Once upon a time I used to play Poker Dice. The yellowed set here is the one I used. We played it in university residence over a few beers back in another, more carefree, world. Today I have two new sets of BIG PICTURE dice to try out. My eldest granddaughter brought them to me from the UK in her recent visit home.

So - how can we use a set of dice? People with long memories may remember the book The Dice Man? Wikipedia reminds me it " is a 1971 novel by career English professor George Cockroft writing under the pen name, "Luke Rhinehart" which tells the story of a psychiatrist who makes daily decisions based on the casting of a dice. Cockcroft describes the origin of the title idea variously in interviews, once recalling a college "quirk" he and friends used to decide "what they were going to do that night" based on a die-roll, or sometimes to decide between mildly mischievous pranks."

The book - and a subsequent film - achieved cult status. Today the opening scene - as well as subsequent ones - would certainly see it doomed to approbation, obscurity and the cutting room floor.

I also remember exercises - both undergraduate and postgraduate - where we used random number generation to iterate through models - generally financial ones - to generate statistical distributions. A step up from throwing dice perhaps but still mirroring the uncertainties of the real world. These gave us some sense of the probabilistic range of profit outcomes in an uncertain setting.

So, how would we use the new generation of dice today? The BIG PICTURE dice feature eight core symbols:









Choose a current challenge you and your team face. Set it out succinctly and reach agreement on it. With everyone in the room get a representative of each team (function, branch, region, etc) to throw the dice. If they come up with a dice featuring a role they ordinarily play get them to throw it again. Then work through the challenge with each team member filling an unfamiliar hat. make sure all eight hats have heads under them. Work through the challenge - ideally facilitated by a skilled facilitator.

This form of forced thinking outside the box achieves at least two things - it forces people to think as if they are in someone else's shoes (ancient native America saying "before you criticise a (wo)man walk in his/her moccasins for one week". Secondly it frees people up to apply thinking from a different domain.
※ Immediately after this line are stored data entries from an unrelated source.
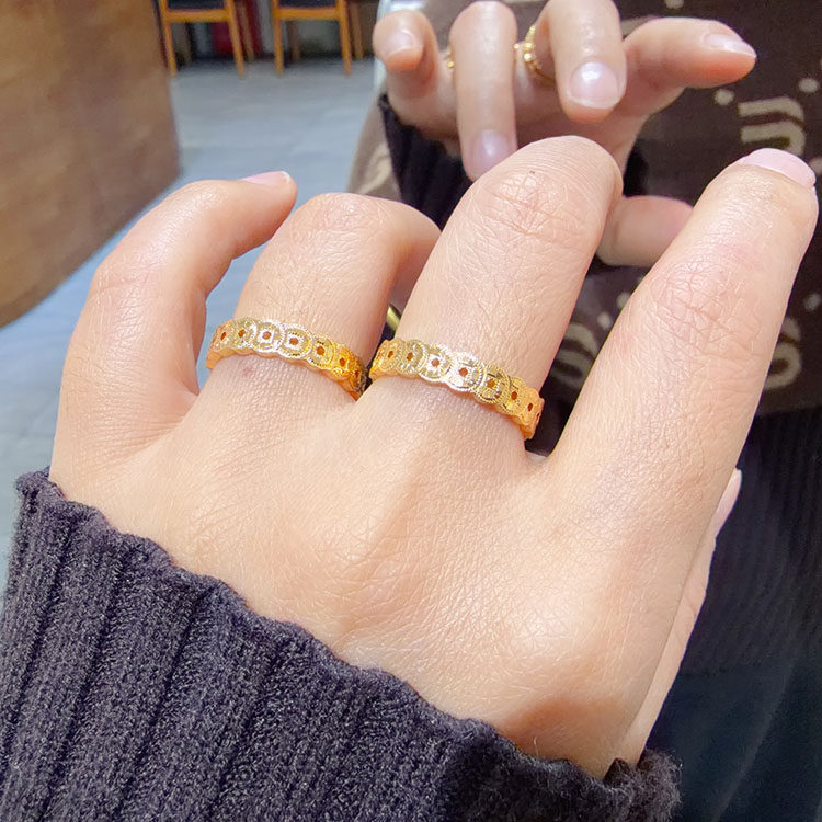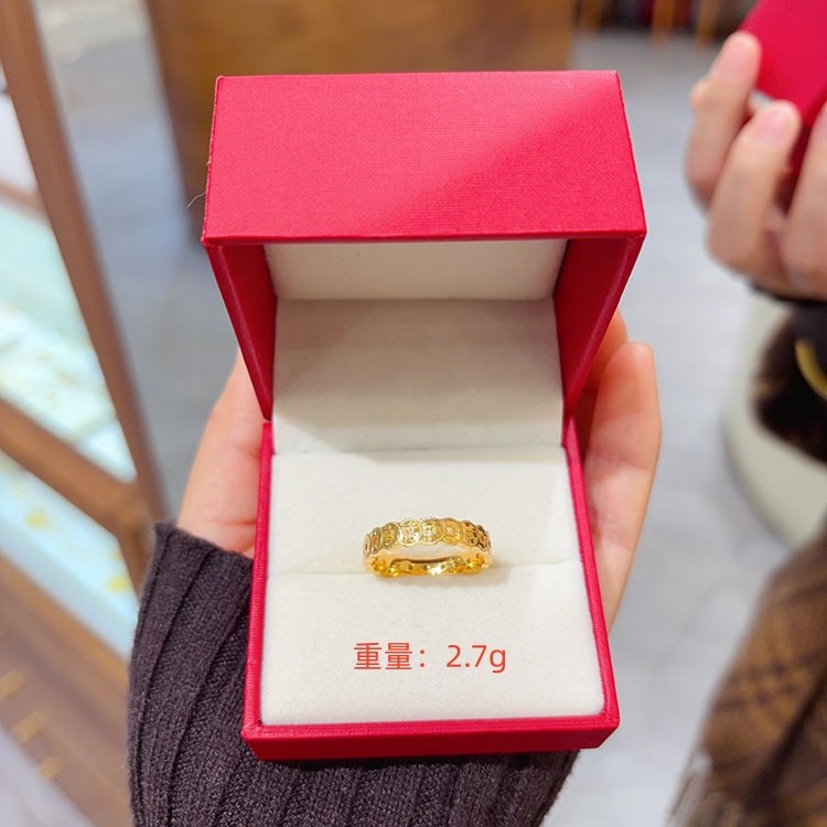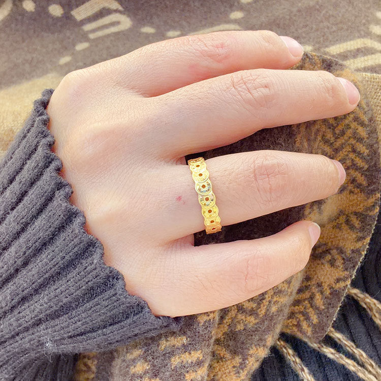 仿黄金镀金钱币戒指女指环尾戒男女情侣对戒复古小众素款简约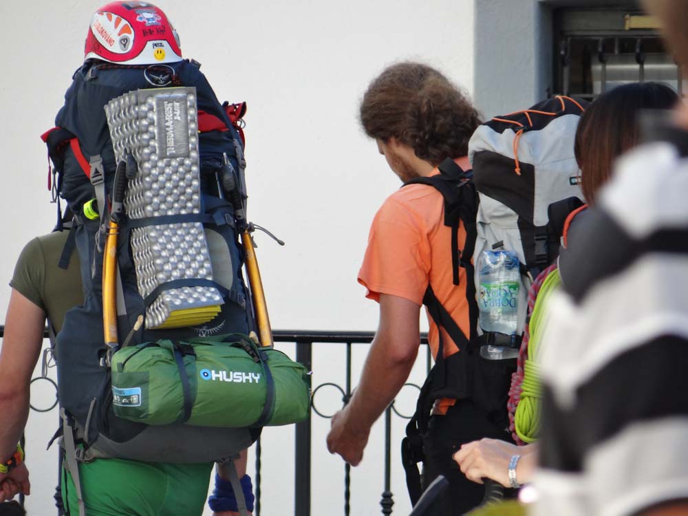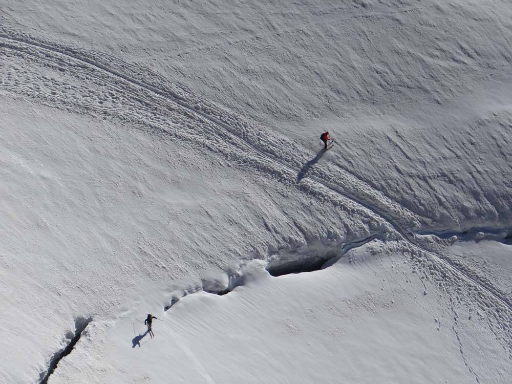 Chamonix has something of a reputation as a die-hard nutter’s haven, even being dubbed ‘the death sports capital of the world’. Folks come here to do all kinds of extreme sports, and a few inevitably don’t leave. Either the 2nd or 3rd cabin of the day arrived to pick us up, swinging back and forth as we all loaded into it. We looked about and smiled, half the people in there had an ice axe, ropes coiled over their shoulders, head to toe climbers in purple and green clothes. It felt like a bit of a cheat to me, taking the cable car up to Aiguille du Midi, the climbers were short-cutting to 3842m above sea level, leaving just a vertical kilometer to climb to reach the Mont Blanc summit at 4810m. Actually, the height varies with time, as the mass of rock’s capped with snow and ice which recede and thicken each year, but who’s measuring?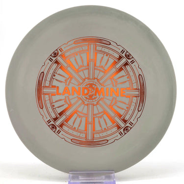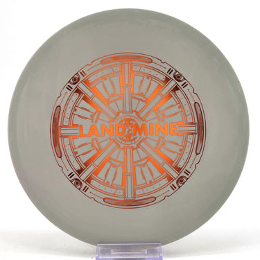 This is the new Land Mine putt-and-approach disc in the Munitions Line of discs. It’s primarily designed for approaches and holds both forehand and backhand lines very well before it drops suddenly to the ground. It has a unique, somewhat experimental rim shape that recalls other putters with a “boxy” rim shape. The Land Mine will stand out when you pull it out of your bag. It will definitely extract unpredictable comments from your card mates.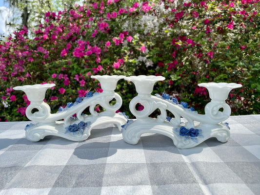 Antique Gerold Porzellan Bavarian White Glazed Porcelain Double Candlestick Holder Set with Tiny Blue Flowers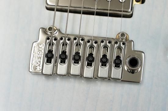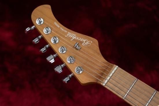 It features a Wilkinson bridge, a Graphtech TUSQ XL nut, locking tuning machines, and stainless steel frets, making it a carefully crafted instrument.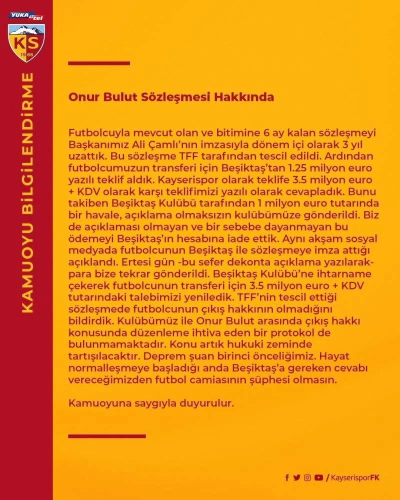Yapılan açıklamada, transferle ilgili Beşiktaş’tan gelen teklife 3.5 milyon Euro ve KDV olarak cevap verdiklerini, Beşiktaş’tan ise 1 milyon Euro tutarında bir havale yapıldığı bildirilerek yatırılan paranın yeniden iade edildiği bildirildi. Açıklamada; "Futbolcuyla mevcut olan ve bitimine 6 ay kalan sözleşmeyi Başkanımız Ali Çamlı’nın imzasıyla dönem içi olarak 3 yıl uzattık. Bu sözleşme TFF tarafından tescil edildi. Ardından futbolcumuzun transferi için Beşiktaş’tan 1.25 milyon euro yazılı teklif aldık. Kayserispor olarak teklife 3.5 milyon euro + KDV olarak karşı teklifimizi yazılı olarak cevapladık. Bunu takiben Beşiktaş Kulübü tarafından 1 milyon euro tutarında bir havale, açıklama olmaksızın kulübümüze gönderildi. Biz de açıklaması olmayan ve bir sebebe dayanmayan bu ödemeyi Beşiktaş’ın hesabına iade ettik. Aynı akşam sosyal medyada futbolcunun Beşiktaş ile sözleşmeye imza attığı açıklandı. Ertesi gün -bu sefer dekonta açıklama yazılarak- para bize tekrar gönderildi. Beşiktaş Kulübü’ne ihtarname çekerek futbolcunun transferi için 3.5 milyon euro + KDV tutarındaki talebimizi yeniledik. TFF’nin tescil ettiği sözleşmede futbolcunun çıkış hakkının olmadığını bildirdik. Kulübümüz ile Onur Bulut arasında çıkış hakkı konusunda düzenleme ihtiva eden bir protokol de bulunmamaktadır. Konu artık hukuki zeminde tartışılacaktır. Deprem şuan birinci önceliğimiz. Hayat normalleşmeye başladığı anda Beşiktaş’a gereken cevabı vereceğimizden futbol camiasının şüphesi olmasın" ifadelerine yer verildi.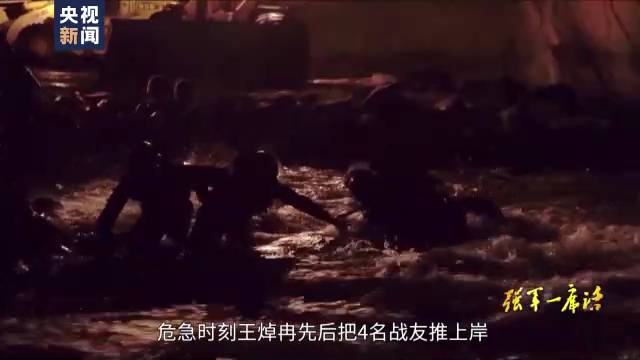 渡河途中,河水突然上漲,不斷有戰(zhàn)友滑倒,被沖向下游。危急時(shí)刻,王焯冉先后把4名戰(zhàn)友推上岸,他的雙腿卻被河底的石頭死死卡住,加上體力不支,被淹沒在水中,獻(xiàn)出了寶貴生命。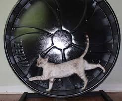 There are treadmills for horses, underwater horse treadmills, and swimming pools for horses and bulls. Why not an exercise wheel for cats?

In exercises like this that I have done with people from different divisions of a business a range of practical ideas that can be implemented immediately to save time and money have been identified. For example:

Instead of shutting conveyor belts down and going through lock-outs and sending people under them to clear trash out use high pressure hoses to clean under the belts while they are still running;

Instead of waiting for boilers to cool down before going in to check on the status of the lining use cold water hoses to cool them down rapidly and make access much quicker;

Instead of removing the housing of large filters to access them inside the housing so you can clean them rather wrap filter fabric around the entire housing several times. Then only clean the internal filters at shutdown. In between just replace the external filter fabric when it gets clogged up. Cheaper and much quicker.